The material beneath this line should be printed exactly, with its pictures omitted.

◆ **Information provided**:
*** Block opens ***
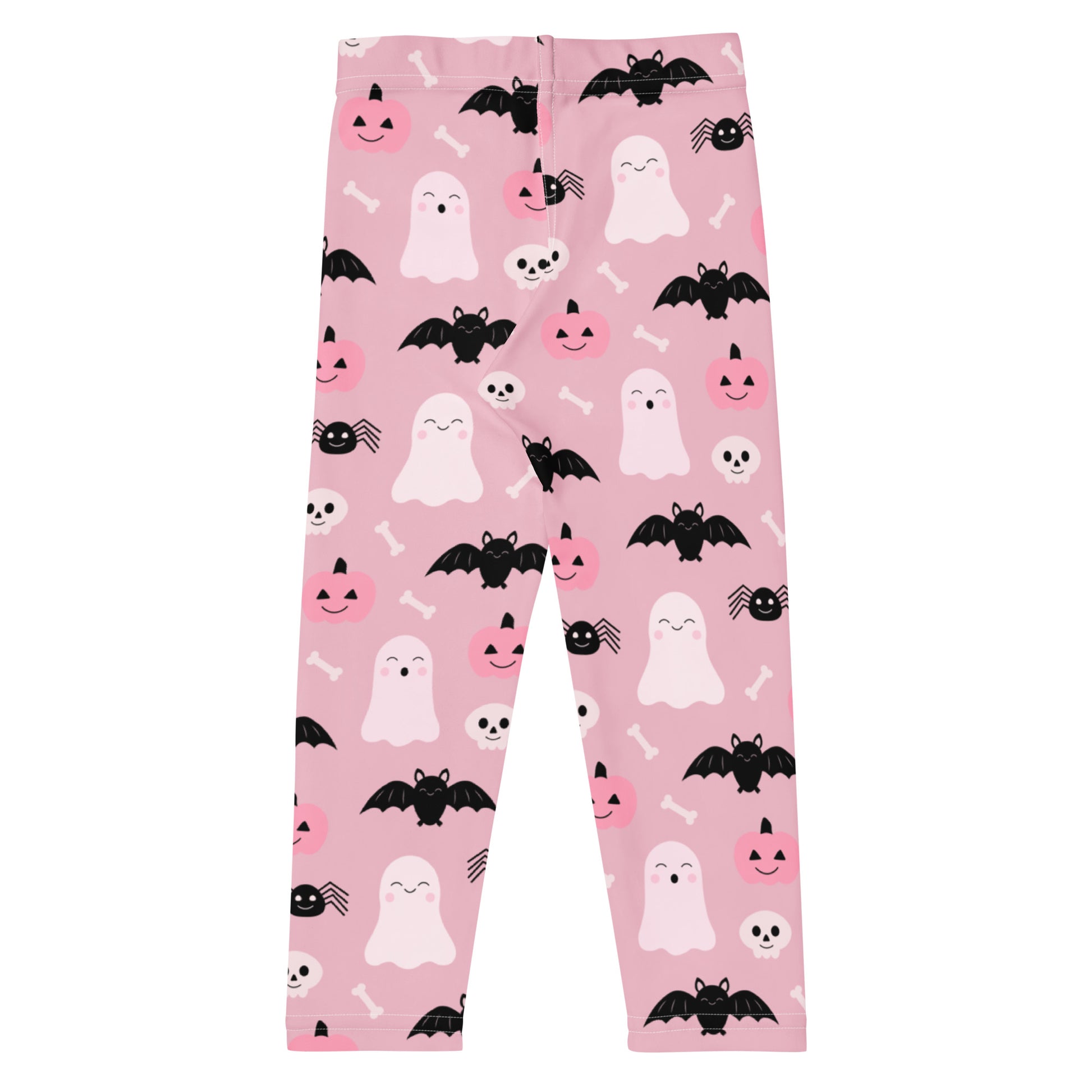 Girls Cute Ghost And Bats Pink Halloween Buttery Soft Leggings
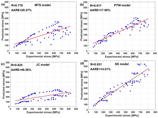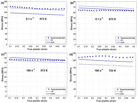 A good agreement between experimental stresses and predicted stresses obtained by the modified JC that was presented by Hou Q. Y. et al. [74] for Mg–10Gd–2Y–0.5Zr alloy is achieved (cf. Figure 16).
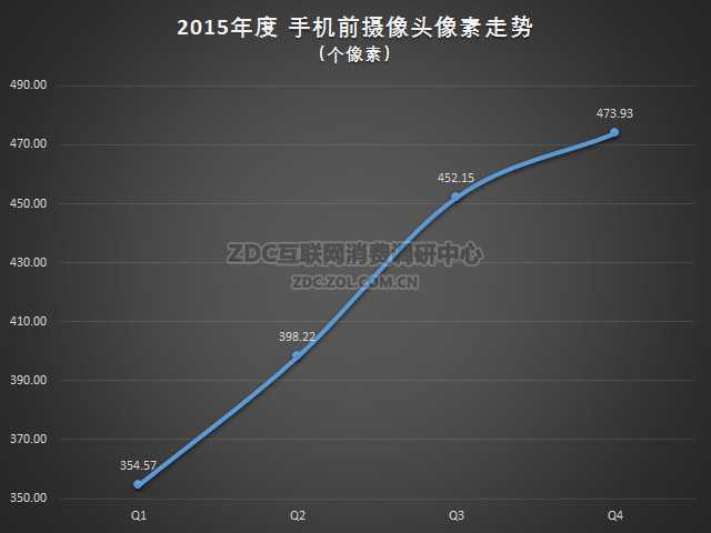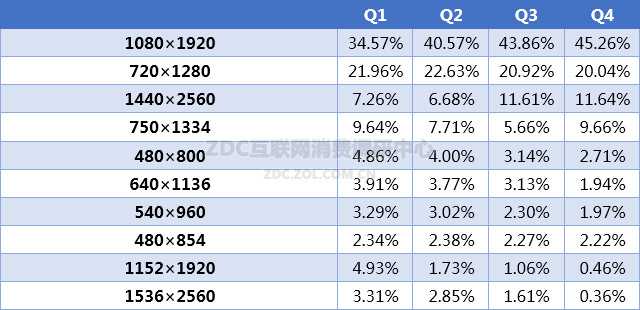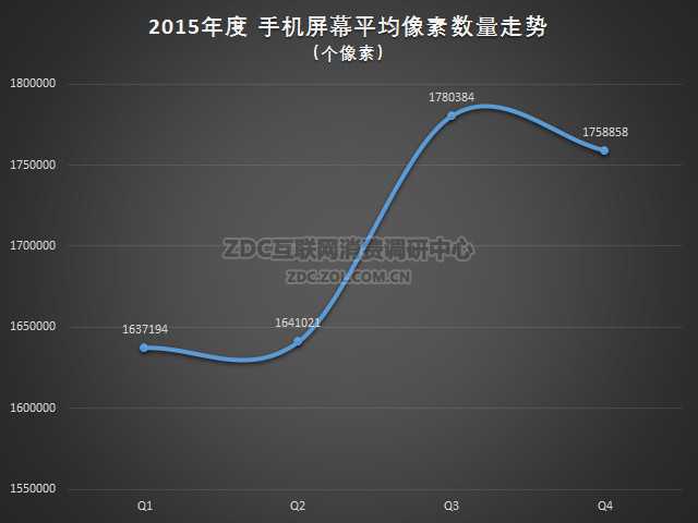 从手机屏幕平均像素数量来看,Q1手机屏平均像素为1637194个,但到了Q3,手机屏幕平均像素增长至1780384个,增长迅速。Q4虽有小幅滑落,但预计之后的两个季度会整体呈稳定走势。
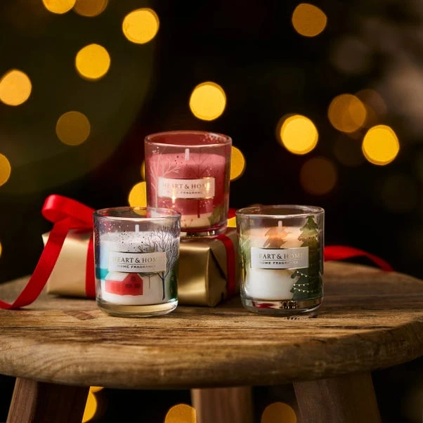 Discover three irresistible festive scents with the Heart and Home Mini Candle Collection. This gift set features Christmas Magic, Christmas Tree, and Winter Berry Frost mini candles, each with 15 hours of burn time. These fragrance-rich soy blend candles are perfect for sampling your favorite holiday aromas, all beautifully packaged for gifting.
*** Block closes ***
◆ **Written solution**:
 Girls Cute Ghost And Bats Pink Halloween Buttery Soft Leggings
 A good agreement between experimental stresses and predicted stresses obtained by the modified JC that was presented by Hou Q. Y. et al. [74] for Mg–10Gd–2Y–0.5Zr alloy is achieved (cf. Figure 16).
 从手机屏幕平均像素数量来看,Q1手机屏平均像素为1637194个,但到了Q3,手机屏幕平均像素增长至1780384个,增长迅速。Q4虽有小幅滑落,但预计之后的两个季度会整体呈稳定走势。
 Discover three irresistible festive scents with the Heart and Home Mini Candle Collection. This gift set features Christmas Magic, Christmas Tree, and Winter Berry Frost mini candles, each with 15 hours of burn time. These fragrance-rich soy blend candles are perfect for sampling your favorite holiday aromas, all beautifully packaged for gifting.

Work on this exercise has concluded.